• [TO DO]:
When you repeat the material, keep each line exact and omit the pictures.

• [DATA PROVIDED]:
☆ ☆ ☆

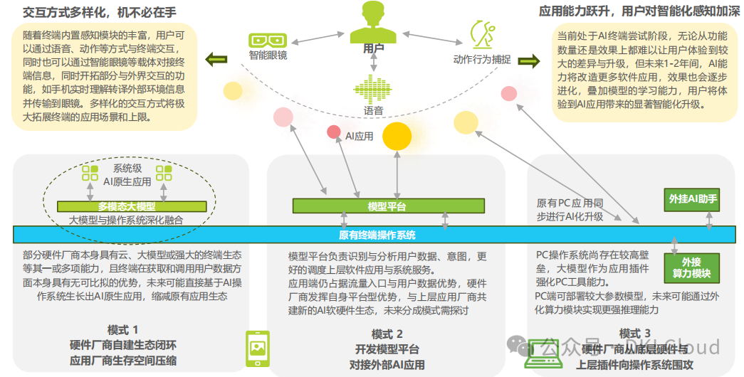 从用户感知视角,多模态的人机交互将解放用户双手,AI终端将从存储—应用—交互一体的娱乐/工具机,逐渐演化为用户随身携带的智能BOX。作为智能算力和应用的载体,终端应用的范围和能力也将得到极大拓展。从技术栈层面,操作系统作为全机能力调度的核心将发挥更显著的主体性作用,硬件厂商将以AI操作系统为核心重塑自身生态,原有软件厂商的用户数据与流量入口优势或将被削弱。
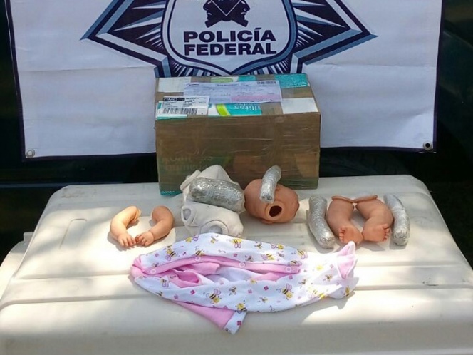 Al quitarle un mameluco de color rosa, era posible desprenderle los brazos y cabeza de plástico, dentro de los cuales se ocultaban seis paquetes de forma irregular, elaborados con cinta canela, conteniendo el enervante”, explicó la Policía Federal.
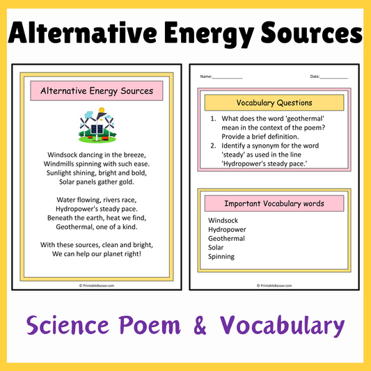 Alternative Energy Sources | Science Poem Reading Comprehension Activity
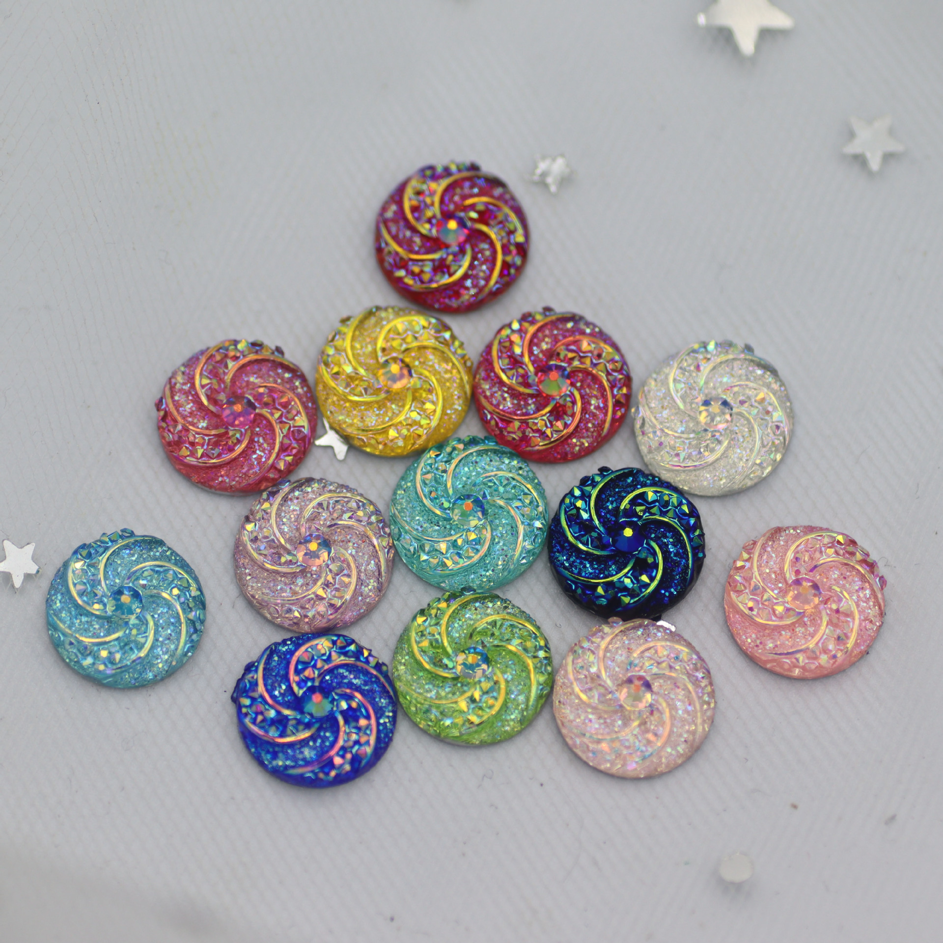 Baru 12mm kincir angin resin bulat bintang bor bawah datar anting cembung cekung diy aksesoris perhiasan

☆ ☆ ☆

• [RESULT]:
 从用户感知视角,多模态的人机交互将解放用户双手,AI终端将从存储—应用—交互一体的娱乐/工具机,逐渐演化为用户随身携带的智能BOX。作为智能算力和应用的载体,终端应用的范围和能力也将得到极大拓展。从技术栈层面,操作系统作为全机能力调度的核心将发挥更显著的主体性作用,硬件厂商将以AI操作系统为核心重塑自身生态,原有软件厂商的用户数据与流量入口优势或将被削弱。
 Al quitarle un mameluco de color rosa, era posible desprenderle los brazos y cabeza de plástico, dentro de los cuales se ocultaban seis paquetes de forma irregular, elaborados con cinta canela, conteniendo el enervante”, explicó la Policía Federal.
 Alternative Energy Sources | Science Poem Reading Comprehension Activity
 Baru 12mm kincir angin resin bulat bintang bor bawah datar anting cembung cekung diy aksesoris perhiasan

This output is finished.